▸ **Provided material**:
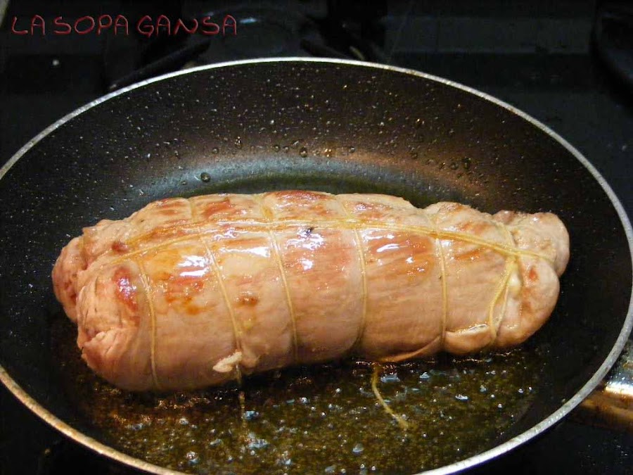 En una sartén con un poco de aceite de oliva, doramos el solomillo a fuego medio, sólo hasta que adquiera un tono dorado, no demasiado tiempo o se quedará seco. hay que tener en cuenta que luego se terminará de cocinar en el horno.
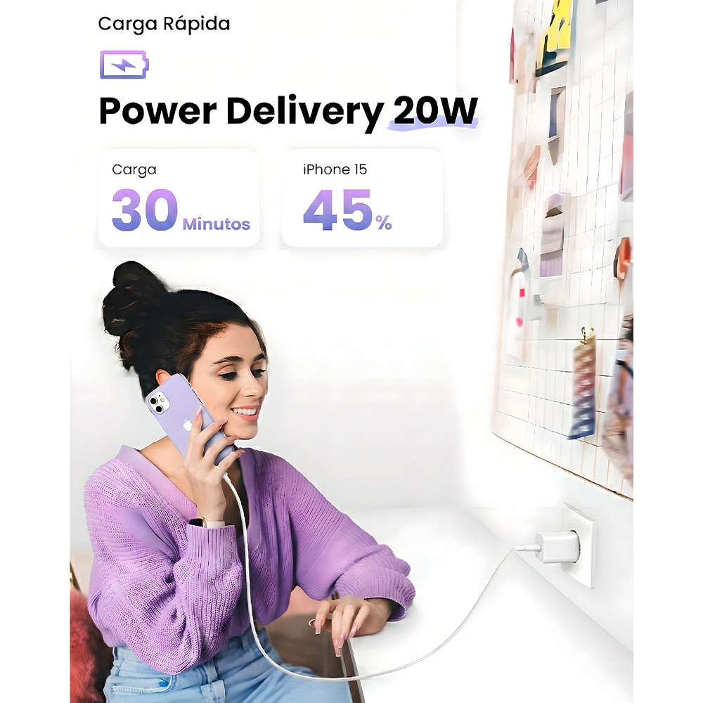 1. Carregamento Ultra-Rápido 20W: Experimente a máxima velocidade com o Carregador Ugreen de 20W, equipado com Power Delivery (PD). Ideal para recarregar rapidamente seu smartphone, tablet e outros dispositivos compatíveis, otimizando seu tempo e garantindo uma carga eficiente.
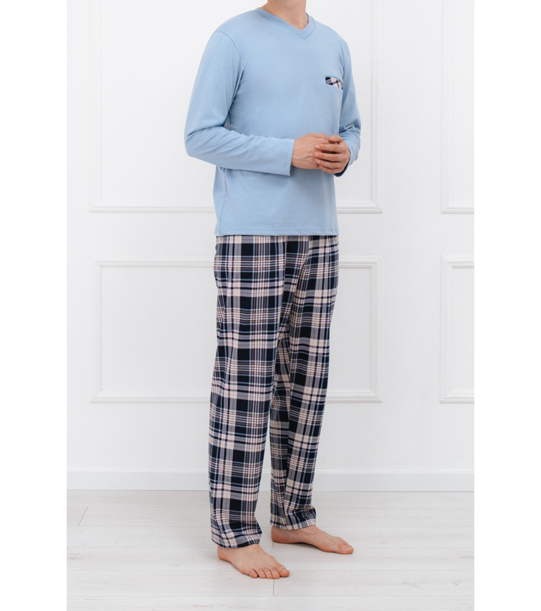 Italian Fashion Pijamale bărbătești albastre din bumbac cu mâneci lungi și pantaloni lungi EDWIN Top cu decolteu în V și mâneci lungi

--

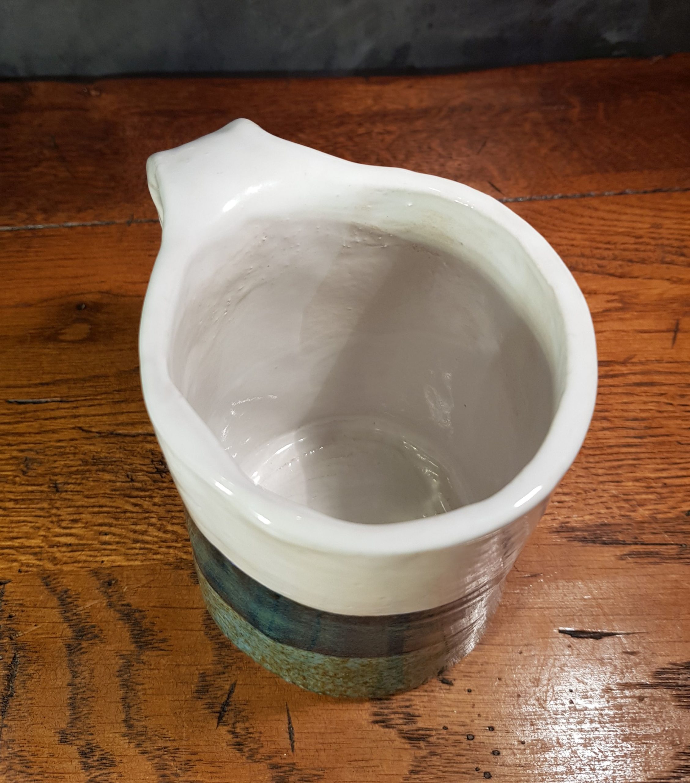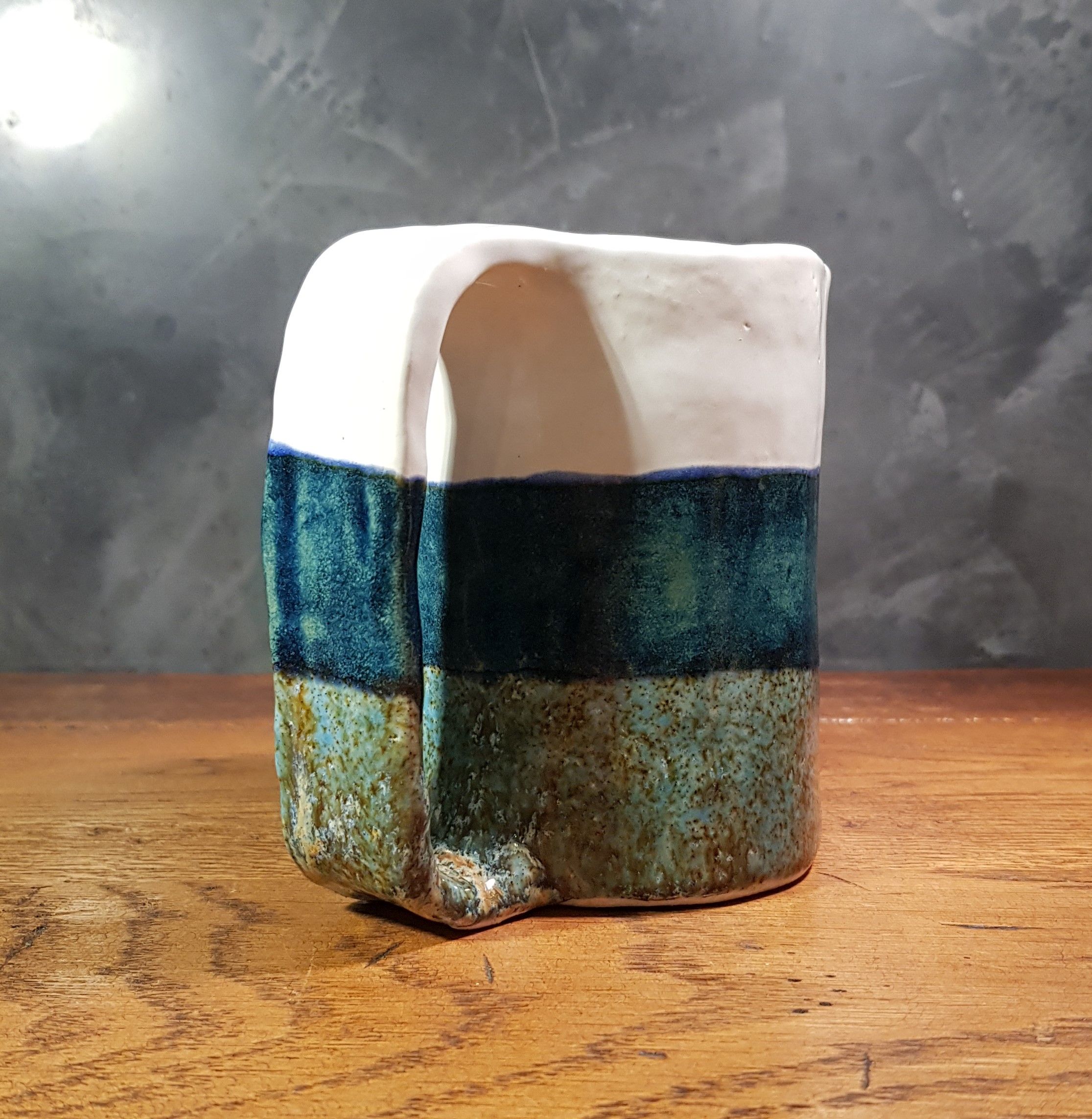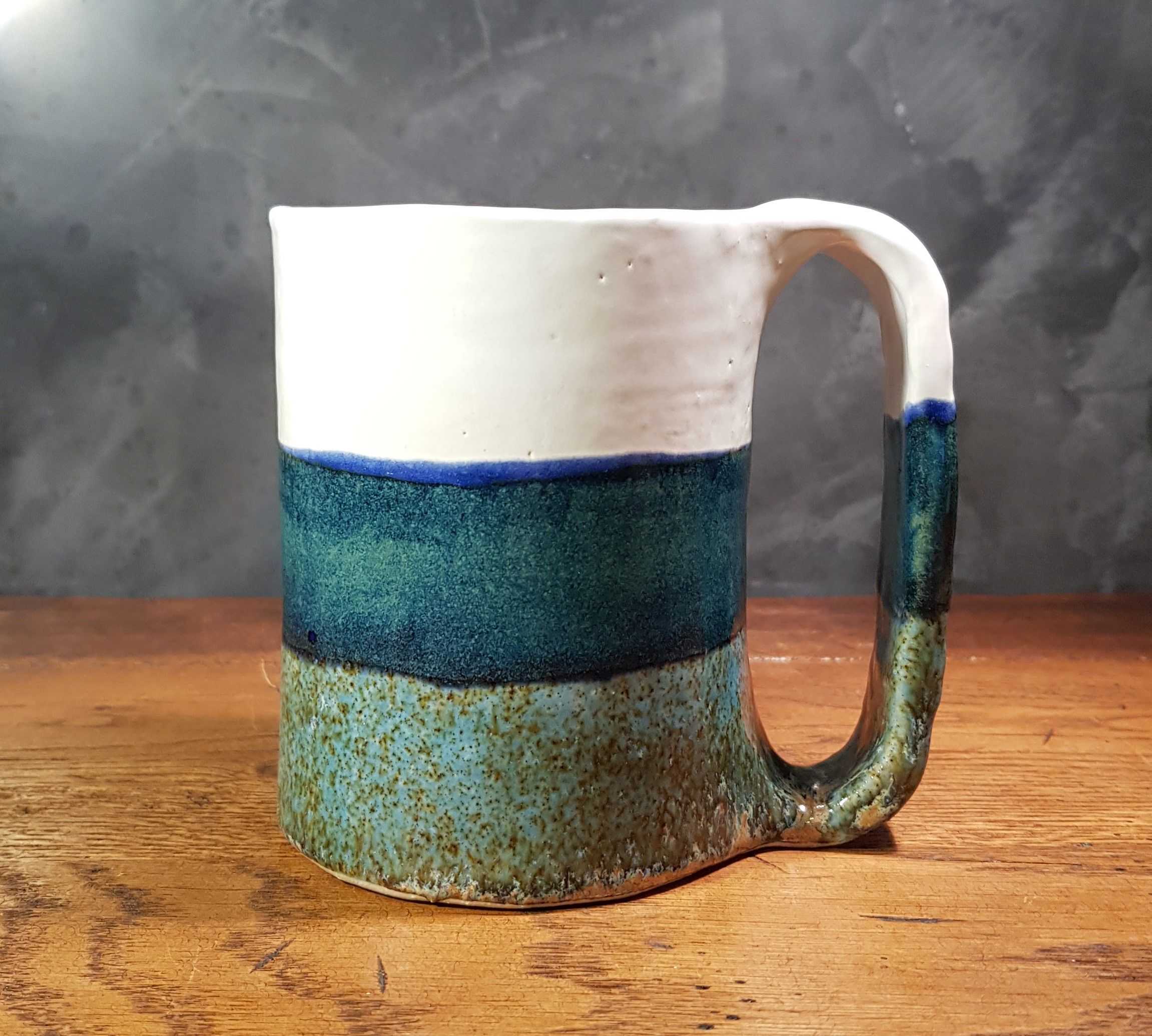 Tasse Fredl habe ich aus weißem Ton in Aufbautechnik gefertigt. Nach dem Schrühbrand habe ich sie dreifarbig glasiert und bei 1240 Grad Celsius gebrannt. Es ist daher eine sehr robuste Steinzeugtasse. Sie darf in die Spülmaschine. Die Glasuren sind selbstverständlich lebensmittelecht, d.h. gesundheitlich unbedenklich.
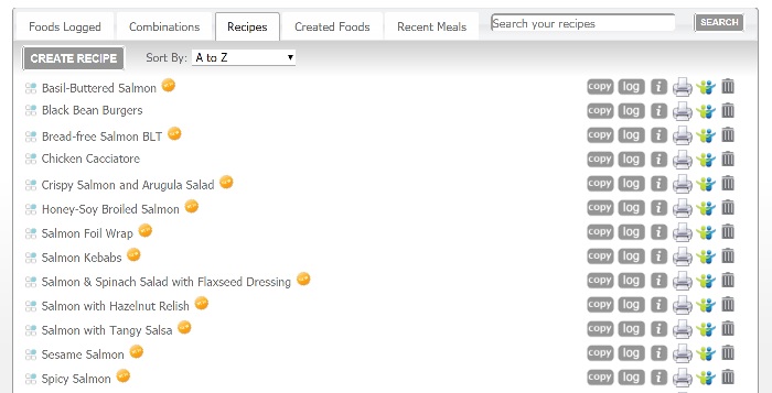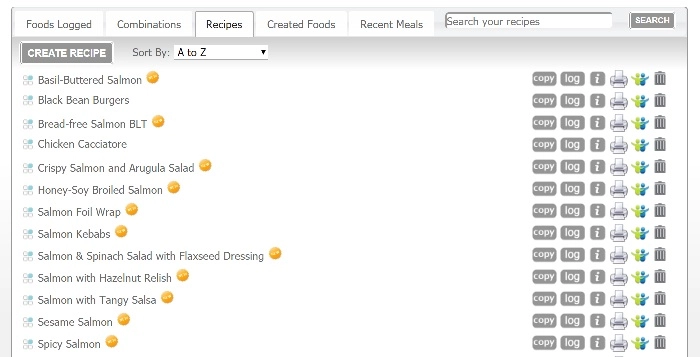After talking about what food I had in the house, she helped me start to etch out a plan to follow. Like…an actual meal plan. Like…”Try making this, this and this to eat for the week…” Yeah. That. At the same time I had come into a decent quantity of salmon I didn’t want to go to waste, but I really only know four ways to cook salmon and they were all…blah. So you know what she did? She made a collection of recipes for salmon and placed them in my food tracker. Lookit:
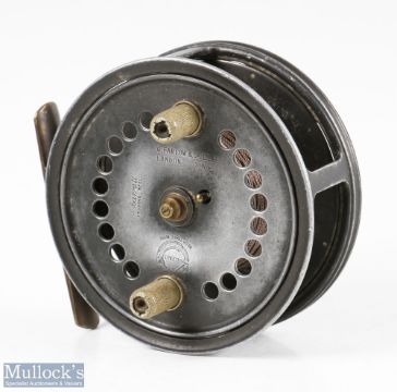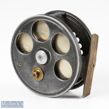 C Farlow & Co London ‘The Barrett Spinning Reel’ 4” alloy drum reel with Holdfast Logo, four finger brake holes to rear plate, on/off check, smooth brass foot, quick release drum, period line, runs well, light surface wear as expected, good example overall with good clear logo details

▸ **Your assignment**:
Give again, exactly as written above, each line from the one that has "En una sartén" to the one that has "Italian Fashion Pijamale", both included; omit the pictures.

▸ **Result for this task**:
 En una sartén con un poco de aceite de oliva, doramos el solomillo a fuego medio, sólo hasta que adquiera un tono dorado, no demasiado tiempo o se quedará seco. hay que tener en cuenta que luego se terminará de cocinar en el horno.
 1. Carregamento Ultra-Rápido 20W: Experimente a máxima velocidade com o Carregador Ugreen de 20W, equipado com Power Delivery (PD). Ideal para recarregar rapidamente seu smartphone, tablet e outros dispositivos compatíveis, otimizando seu tempo e garantindo uma carga eficiente.
 Italian Fashion Pijamale bărbătești albastre din bumbac cu mâneci lungi și pantaloni lungi EDWIN Top cu decolteu în V și mâneci lungi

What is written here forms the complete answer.